═══ DATA SECTION ═══

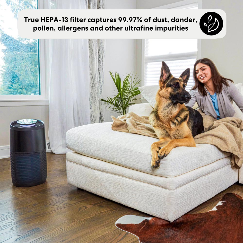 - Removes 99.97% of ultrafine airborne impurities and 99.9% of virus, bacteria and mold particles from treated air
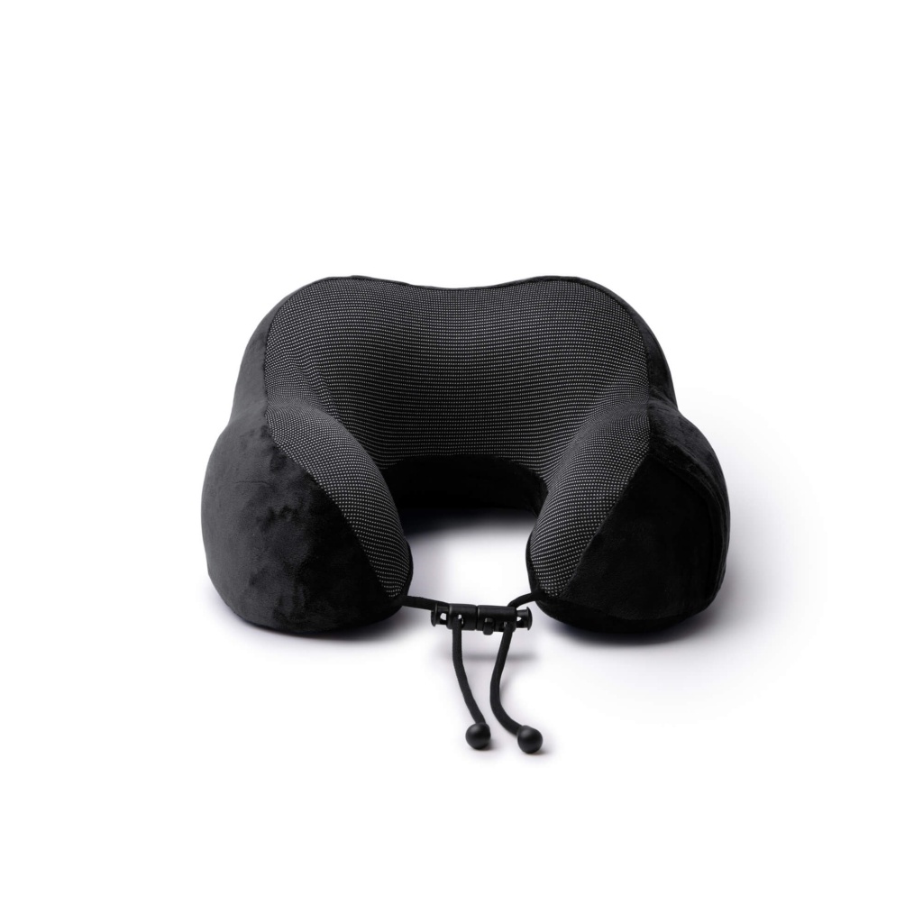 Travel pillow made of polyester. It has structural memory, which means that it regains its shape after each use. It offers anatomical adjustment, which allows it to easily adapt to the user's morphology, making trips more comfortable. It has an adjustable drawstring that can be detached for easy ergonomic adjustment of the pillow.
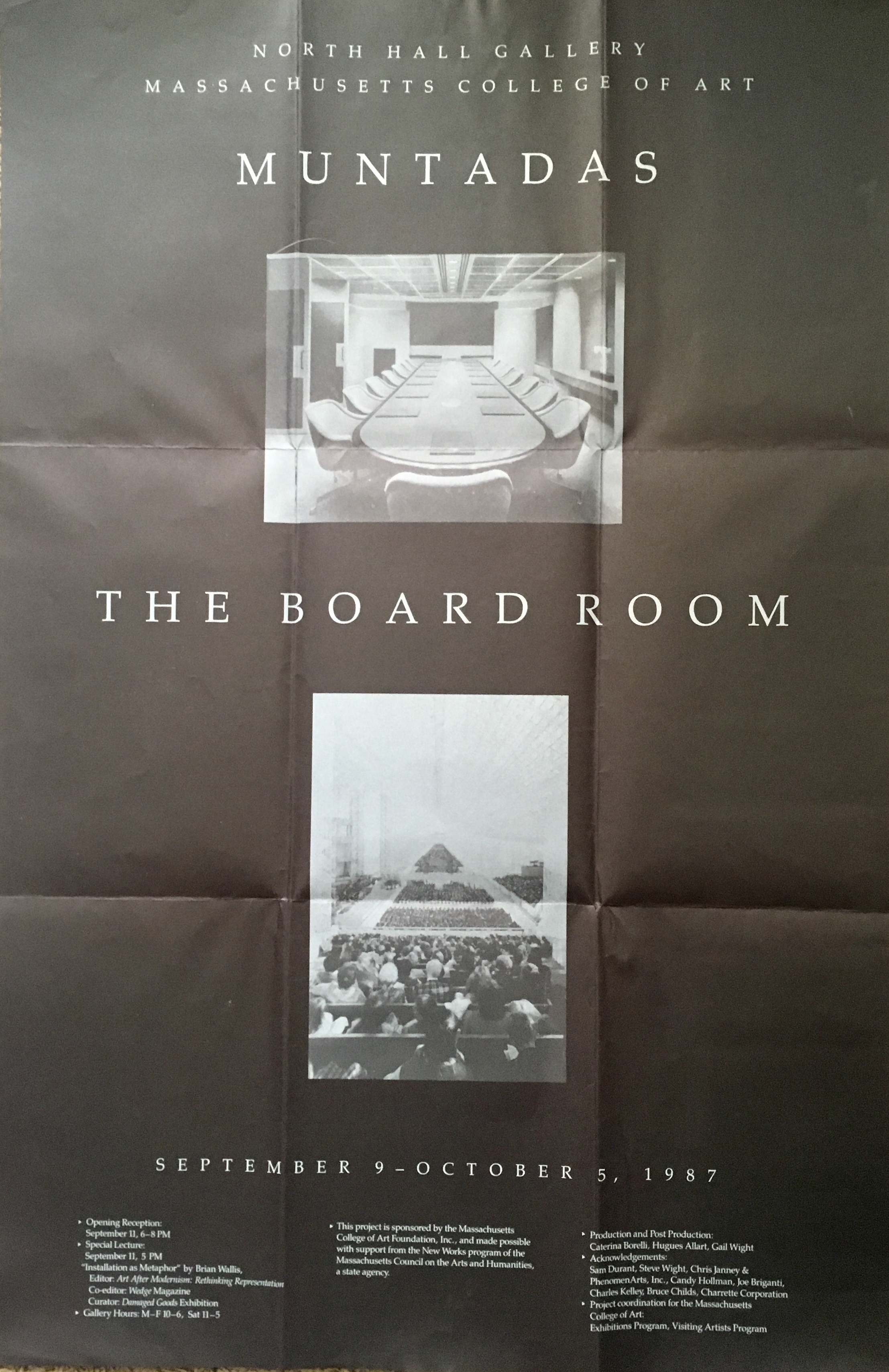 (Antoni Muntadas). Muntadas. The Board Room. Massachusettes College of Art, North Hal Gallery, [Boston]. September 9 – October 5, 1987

═══

YOUR TASK:
The expected output is the full material above, unaltered, with pictures removed.

RESPONSE TO THE TASK:
 - Removes 99.97% of ultrafine airborne impurities and 99.9% of virus, bacteria and mold particles from treated air
 Travel pillow made of polyester. It has structural memory, which means that it regains its shape after each use. It offers anatomical adjustment, which allows it to easily adapt to the user's morphology, making trips more comfortable. It has an adjustable drawstring that can be detached for easy ergonomic adjustment of the pillow.
 (Antoni Muntadas). Muntadas. The Board Room. Massachusettes College of Art, North Hal Gallery, [Boston]. September 9 – October 5, 1987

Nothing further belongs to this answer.